- RECORDS SUPPLIED
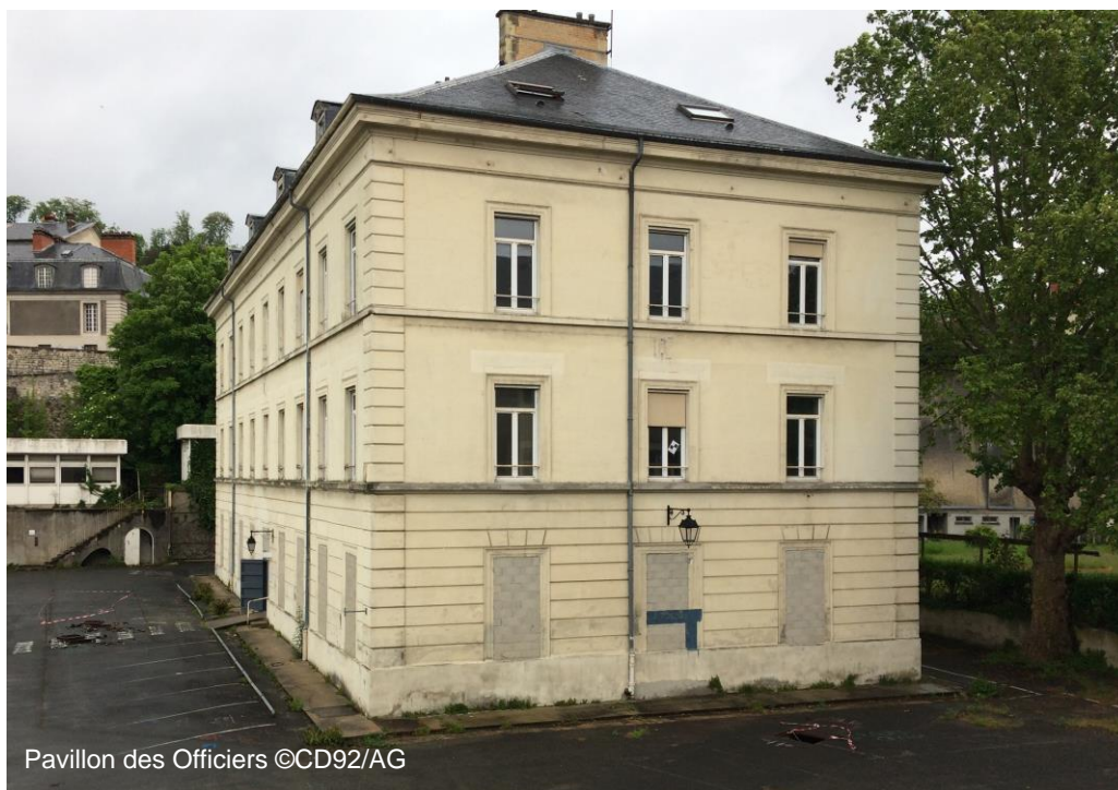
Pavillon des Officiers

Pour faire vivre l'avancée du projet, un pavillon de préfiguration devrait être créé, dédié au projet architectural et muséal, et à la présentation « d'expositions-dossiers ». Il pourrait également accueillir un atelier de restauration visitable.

==

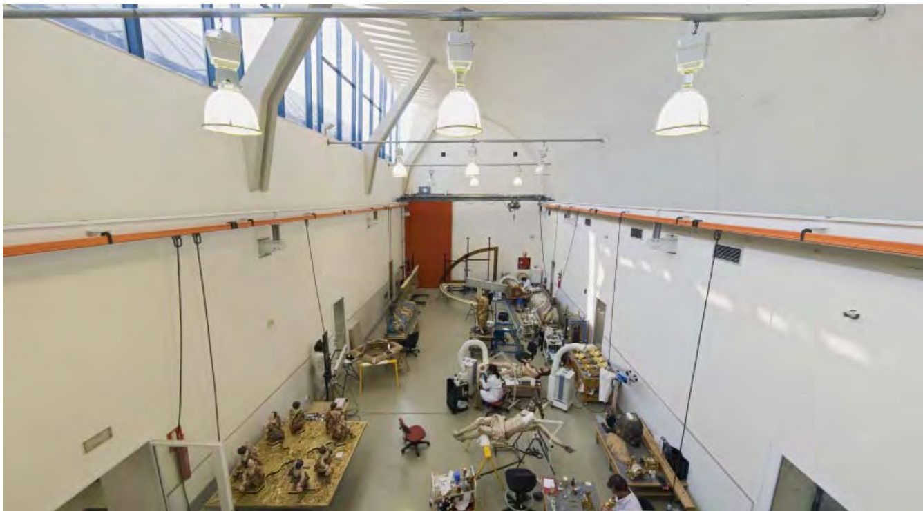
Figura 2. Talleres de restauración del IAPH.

- GOAL OF THE EXERCISE
Reproduce word for word the material above, starting with the line that has "Pavillon des Officiers" and stopping after the line that has "Pour faire vivre".

- EXERCISE OUTPUT
Pavillon des Officiers

Pour faire vivre l'avancée du projet, un pavillon de préfiguration devrait être créé, dédié au projet architectural et muséal, et à la présentation « d'expositions-dossiers ». Il pourrait également accueillir un atelier de restauration visitable.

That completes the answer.